■ Your task: The required output is the stretch from the line containing "توان خروجی اسپیکر" through the line containing "РОСГОССТРАХ - Чемпионат" in the records below, unaltered and with no pictures.

■ Material provided:
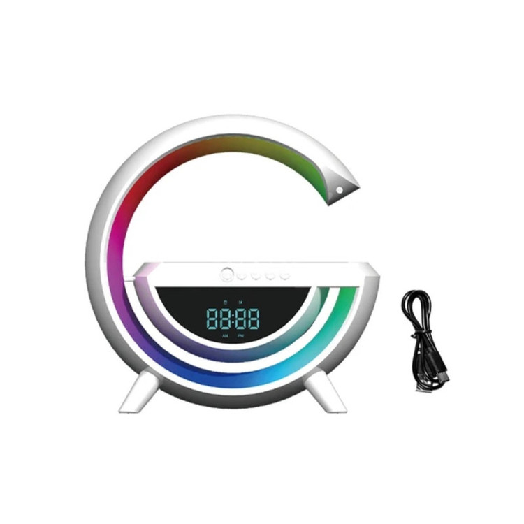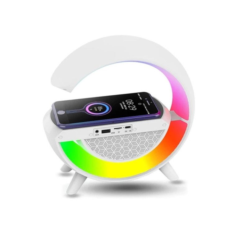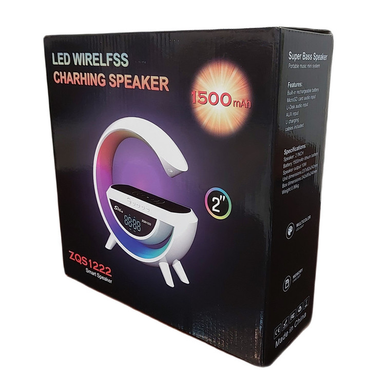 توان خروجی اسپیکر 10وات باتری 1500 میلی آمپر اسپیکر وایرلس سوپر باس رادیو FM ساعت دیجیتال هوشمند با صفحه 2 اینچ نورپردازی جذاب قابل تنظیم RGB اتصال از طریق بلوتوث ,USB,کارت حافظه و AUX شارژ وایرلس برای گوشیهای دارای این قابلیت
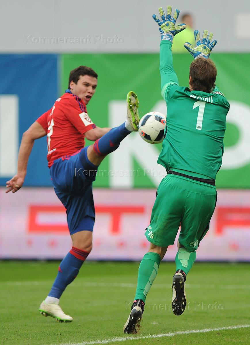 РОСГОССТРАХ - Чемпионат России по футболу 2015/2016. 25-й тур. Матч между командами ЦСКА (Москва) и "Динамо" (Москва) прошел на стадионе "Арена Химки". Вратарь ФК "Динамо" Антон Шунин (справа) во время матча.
---
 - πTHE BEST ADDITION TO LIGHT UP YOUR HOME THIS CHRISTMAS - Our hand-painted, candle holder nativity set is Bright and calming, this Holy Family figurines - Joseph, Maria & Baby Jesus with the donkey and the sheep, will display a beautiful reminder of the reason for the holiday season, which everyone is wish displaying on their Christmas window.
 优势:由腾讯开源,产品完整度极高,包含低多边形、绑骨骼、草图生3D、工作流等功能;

■ Answer for this exercise:
 توان خروجی اسپیکر 10وات باتری 1500 میلی آمپر اسپیکر وایرلس سوپر باس رادیو FM ساعت دیجیتال هوشمند با صفحه 2 اینچ نورپردازی جذاب قابل تنظیم RGB اتصال از طریق بلوتوث ,USB,کارت حافظه و AUX شارژ وایرلس برای گوشیهای دارای این قابلیت
 РОСГОССТРАХ - Чемпионат России по футболу 2015/2016. 25-й тур. Матч между командами ЦСКА (Москва) и "Динамо" (Москва) прошел на стадионе "Арена Химки". Вратарь ФК "Динамо" Антон Шунин (справа) во время матча.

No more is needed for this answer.